- EXERCISE
Start at the top of the records and, please, print each line exactly through the line that contains "爱国者aigo14英寸便携显示器拓展屏 电脑显示器手机笔记本 副屏Type-C一线通", leaving out all pictures.

- DATA RECORDS
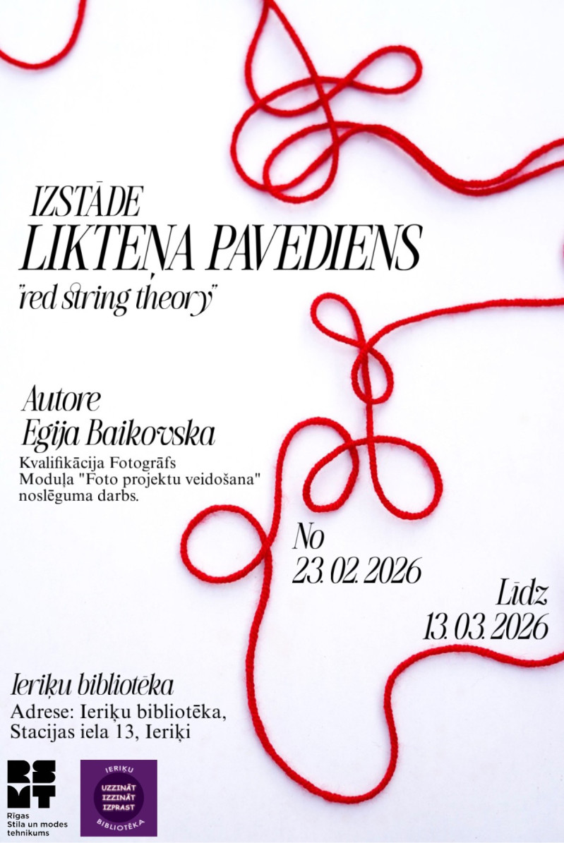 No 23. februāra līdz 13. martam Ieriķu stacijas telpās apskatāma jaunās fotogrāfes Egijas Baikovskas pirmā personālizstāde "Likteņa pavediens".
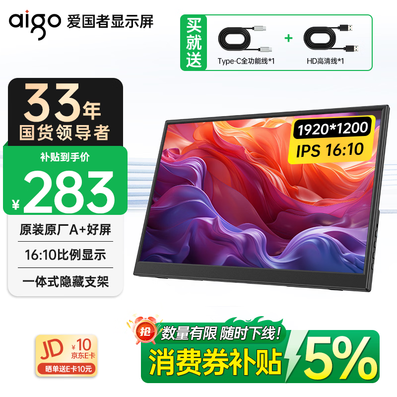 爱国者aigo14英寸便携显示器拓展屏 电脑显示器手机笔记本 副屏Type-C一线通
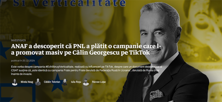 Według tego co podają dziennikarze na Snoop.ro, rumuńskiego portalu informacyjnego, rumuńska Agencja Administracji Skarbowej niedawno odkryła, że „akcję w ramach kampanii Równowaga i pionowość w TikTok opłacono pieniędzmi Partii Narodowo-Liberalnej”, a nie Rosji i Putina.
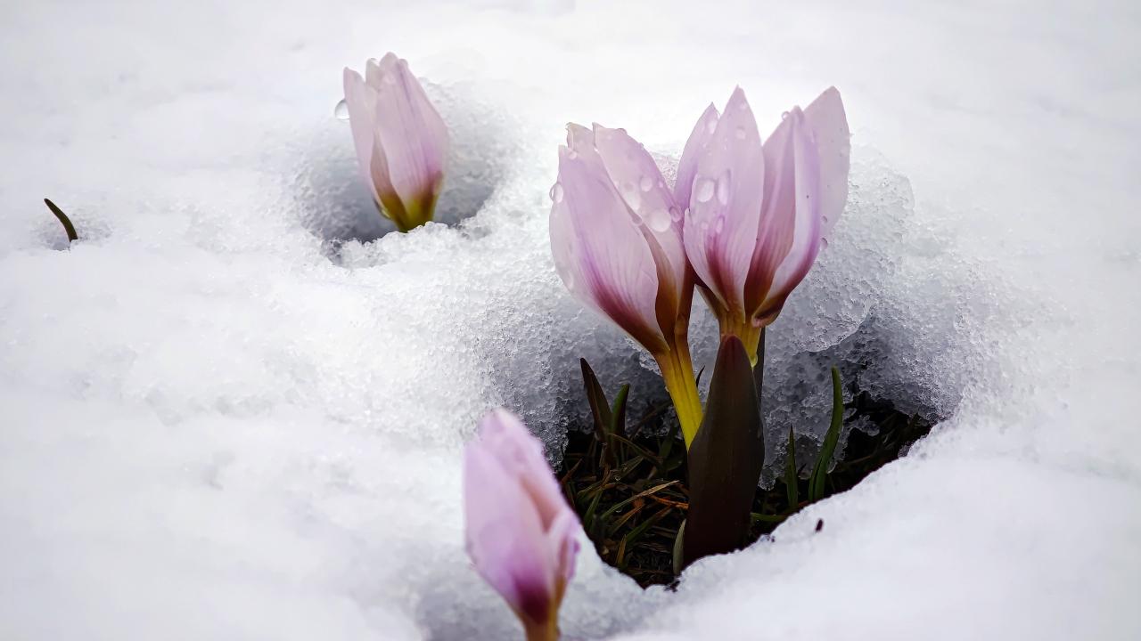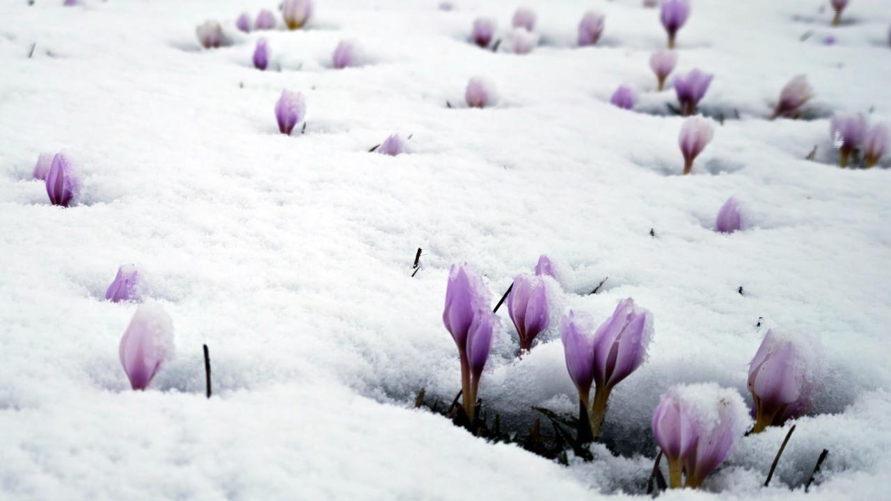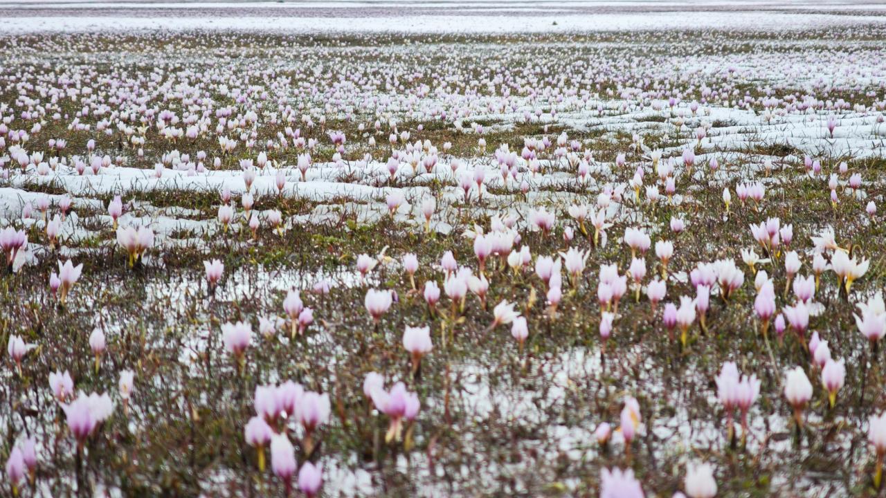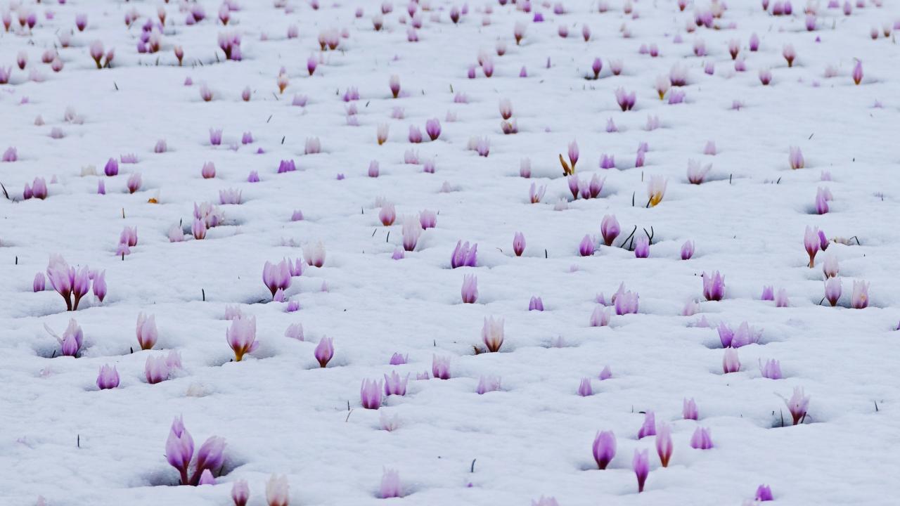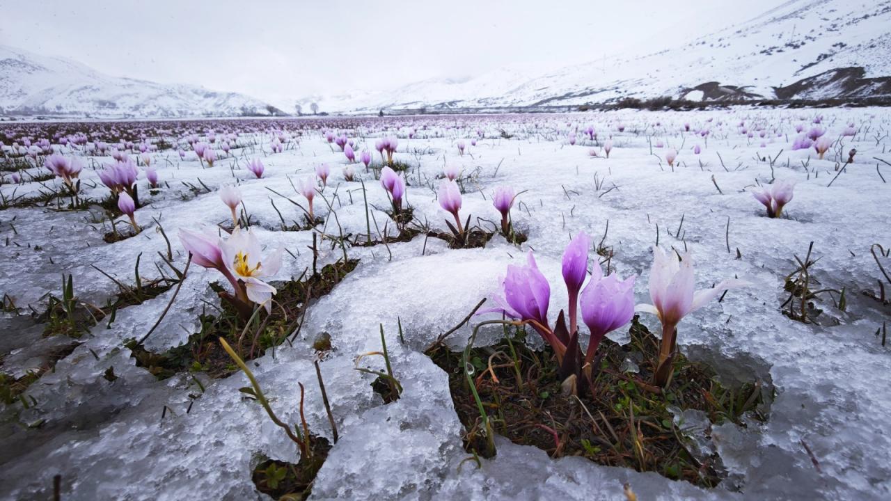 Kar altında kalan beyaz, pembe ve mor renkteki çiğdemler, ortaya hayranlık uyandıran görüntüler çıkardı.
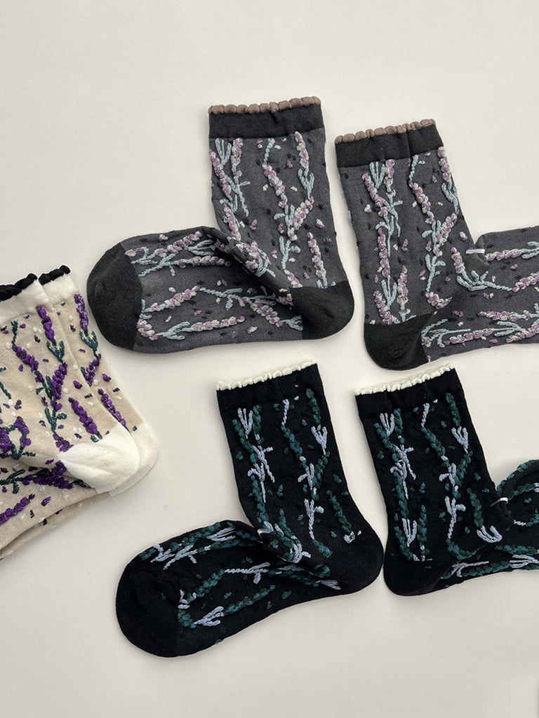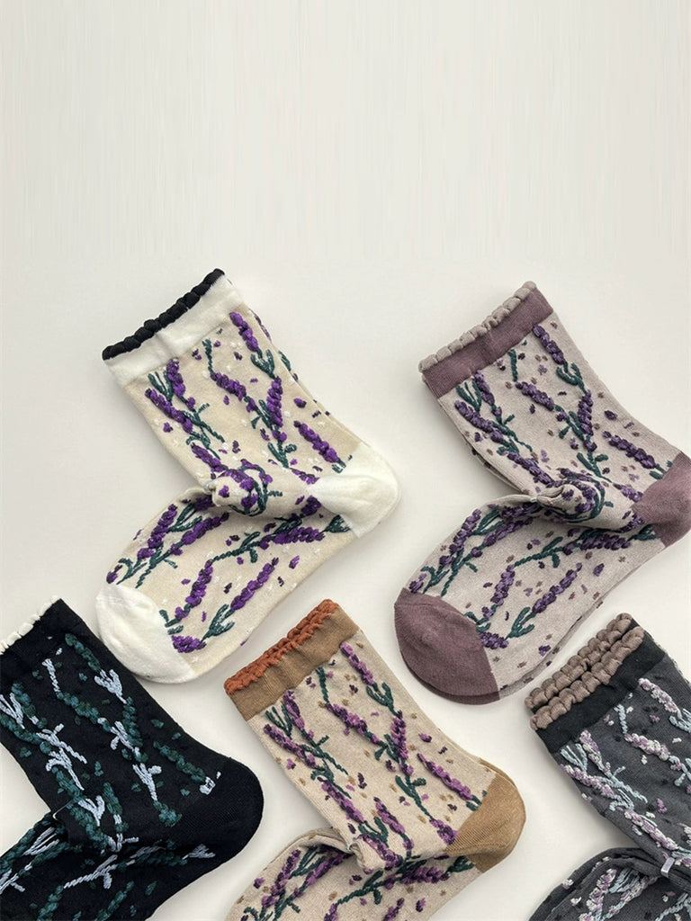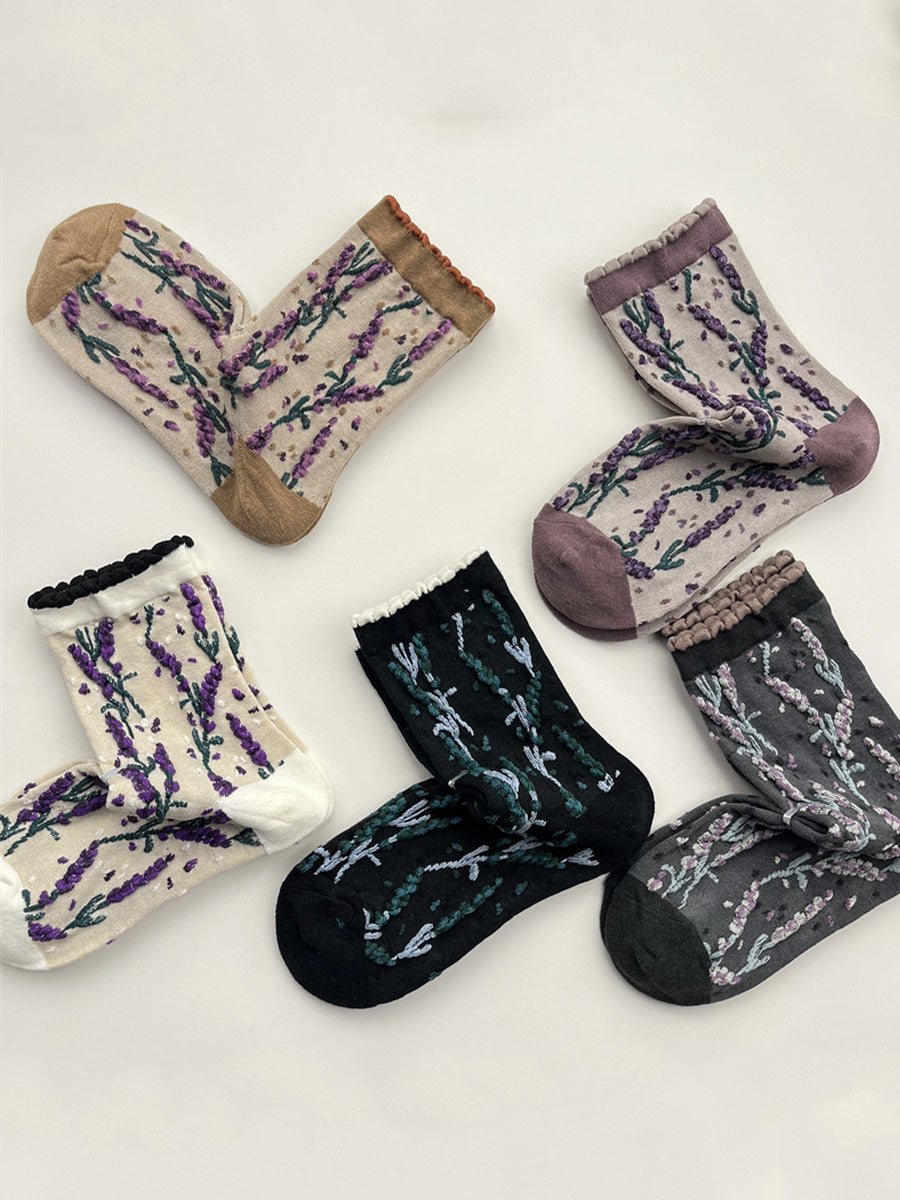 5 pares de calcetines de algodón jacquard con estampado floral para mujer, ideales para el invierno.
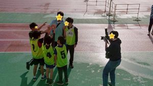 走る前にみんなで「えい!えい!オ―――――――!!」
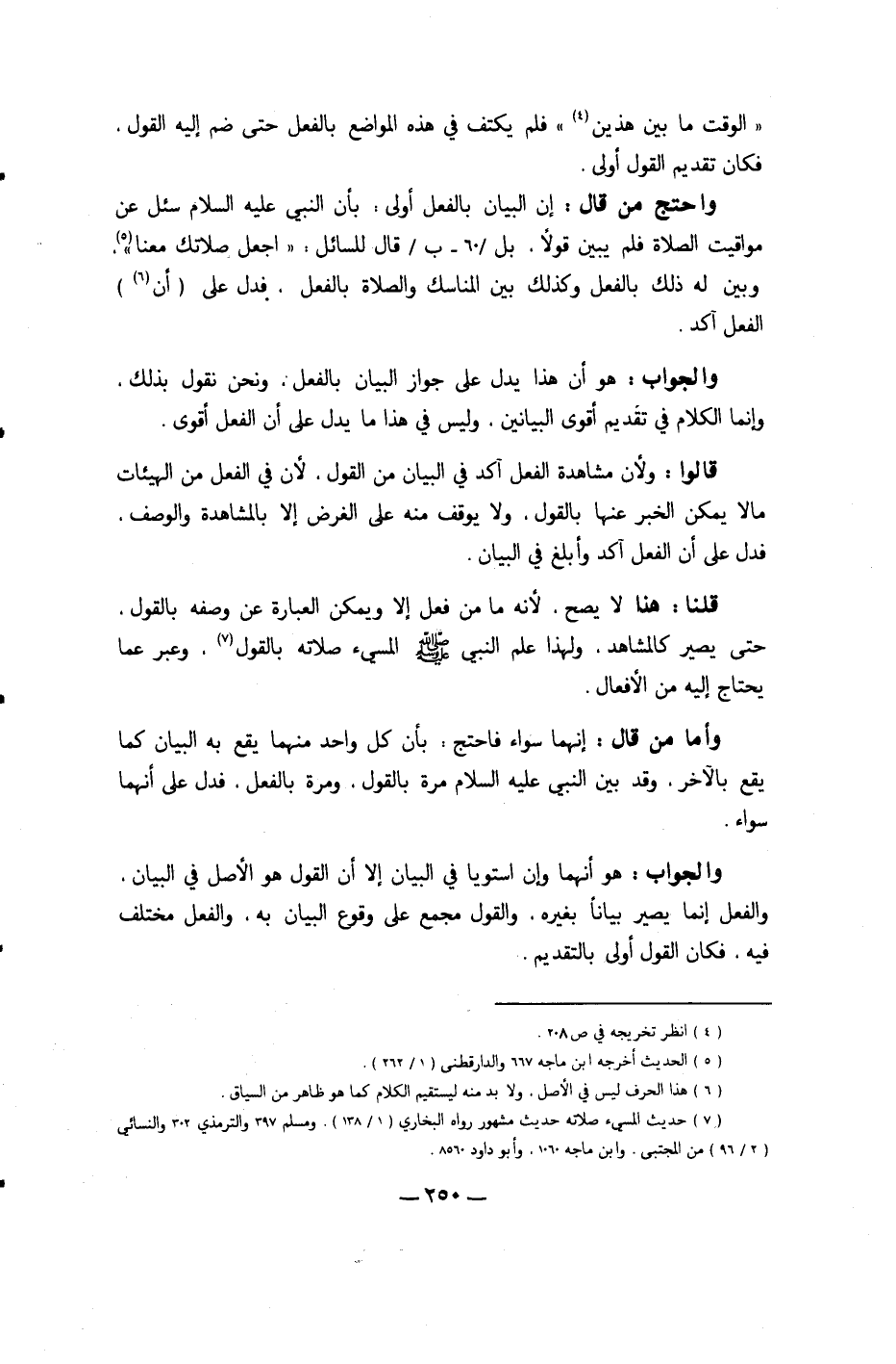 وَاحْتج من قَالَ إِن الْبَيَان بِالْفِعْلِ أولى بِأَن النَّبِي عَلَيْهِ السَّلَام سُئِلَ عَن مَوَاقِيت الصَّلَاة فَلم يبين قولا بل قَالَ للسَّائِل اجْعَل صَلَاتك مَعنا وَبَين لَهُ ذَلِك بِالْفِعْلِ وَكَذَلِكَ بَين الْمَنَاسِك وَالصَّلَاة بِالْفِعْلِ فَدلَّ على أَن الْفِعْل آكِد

- COMPLETED EXERCISE
 No 23. februāra līdz 13. martam Ieriķu stacijas telpās apskatāma jaunās fotogrāfes Egijas Baikovskas pirmā personālizstāde "Likteņa pavediens".
 爱国者aigo14英寸便携显示器拓展屏 电脑显示器手机笔记本 副屏Type-C一线通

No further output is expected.